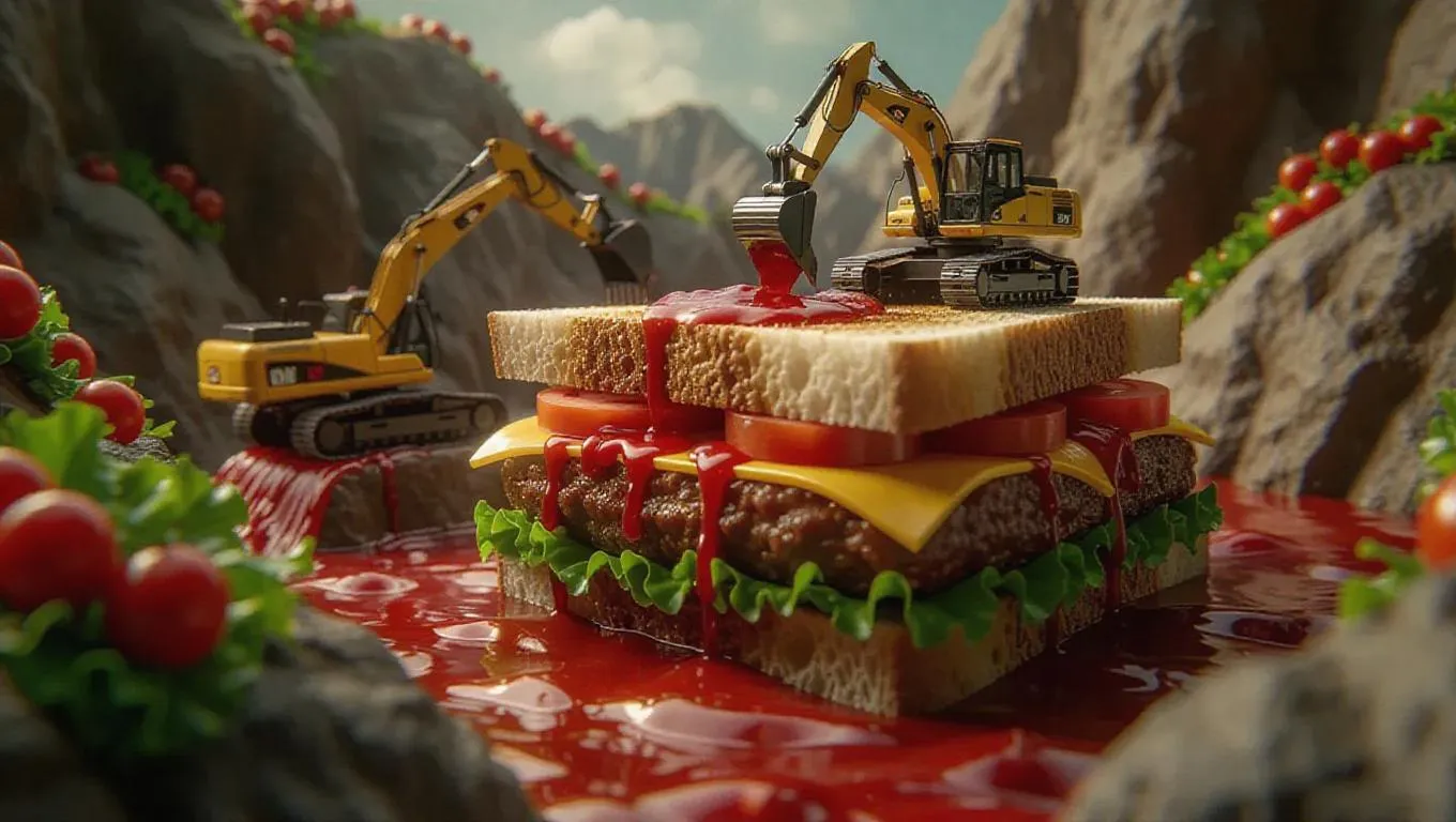 A surreal scene of tiny workers mining a massive sandwich as if it were a rock quarry. Excavators and pickaxes carve into the layers of bread, while conveyor belts transport lettuce and tomatoes like giant boulders. Sauce flows down like a refreshing waterfall, creating a stunning contrast against the sandwich's ingredients. The scene is enhanced by the sound of the sauce splashing into a pool of savory goodness below.
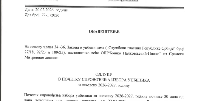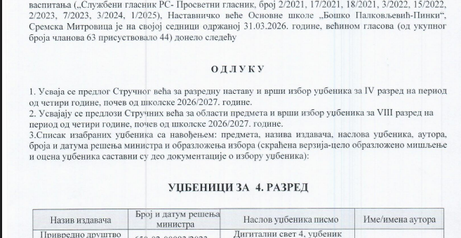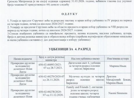 Одлука Наставничког већа и Савета родитеља о избору уџбеника за други и шести разред и списак уџбеника за предстојећу 2024/2025. годину.
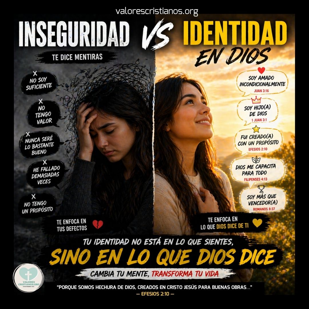 Señor Jesús, hoy reconozco que he construido mi identidad en lugares equivocados. He creído más en mis emociones que en Tu Palabra. Perdóname. Hoy decido anclar mi vida en lo que Tú dices de mí: soy Tu hechura, soy amado, soy llamado y tengo propósito. Transforma mi mente, renueva mi corazón y ayúdame a verme como Tú me ves. Que nunca más el miedo defina quién soy. En el poderoso nombre de Jesús, amén.
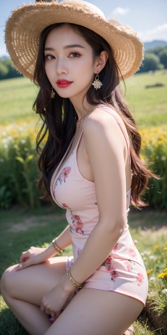 (Canon RF85mm f/1.2,best quality,Realisticity:1.4,Cinematic Lighting),(1 girl,korean mixed,kpop idol:1.2,beautiful long_Slender_legs),(long_brown_wavy_hair),(lipstick,red lips,pink_shiny_lips,pink_eyeshadow,eyelashes,powder_blusher,make-up),(white_shiny_skin,black eyes,Pore,skin texture,shiny),(necklace,earrings,bracelet),big breasts,smile,Dynamic pose,((A peaceful meadow with wildflowers and a rainbow, A powerful and emotionally resonant love story)),((Floral_printed_romper,Straw_wide-brim_hat)),
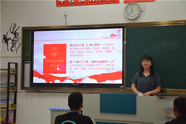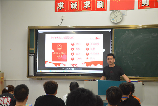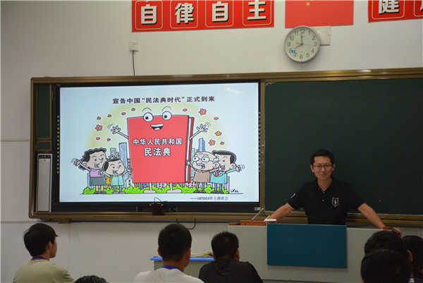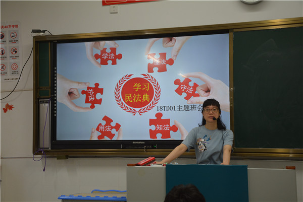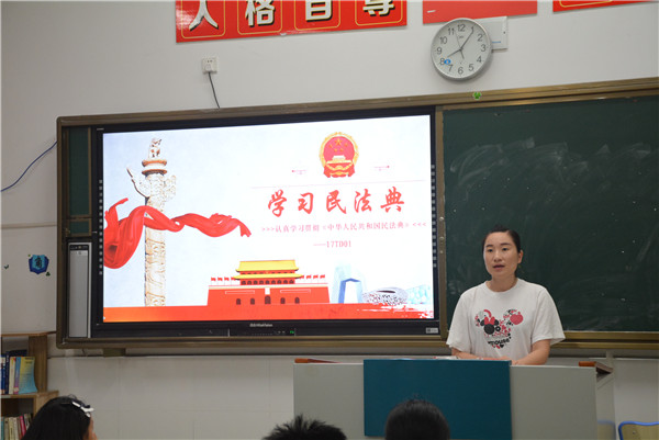 活动中,班主任首先利用多媒体,根据课前精心制作的PPT向同学们讲解了《民法典》出台的背景、宗旨原则和主要内容,使学生对《民法典》有了初步的了解。接下来,在班主任的引导下,同学们围绕《民法典》结合生活中的应用展开了积极的讨论,让学生对于“社会百科全书”民法典有了更深刻的认识。最后,班主任希望同学们利用课余时间积极学习《民法典》,做一个尊法、知法、守法的好公民。

####################

**Task statement**: In the listing above, find the line containing "Одлука Наставничког већа" and the line containing "Señor Jesús, hoy". Reproduce those lines and all between them exactly, with no pictures and nothing more.

**Response to this exercise**:
 Одлука Наставничког већа и Савета родитеља о избору уџбеника за други и шести разред и списак уџбеника за предстојећу 2024/2025. годину.
 Señor Jesús, hoy reconozco que he construido mi identidad en lugares equivocados. He creído más en mis emociones que en Tu Palabra. Perdóname. Hoy decido anclar mi vida en lo que Tú dices de mí: soy Tu hechura, soy amado, soy llamado y tengo propósito. Transforma mi mente, renueva mi corazón y ayúdame a verme como Tú me ves. Que nunca más el miedo defina quién soy. En el poderoso nombre de Jesús, amén.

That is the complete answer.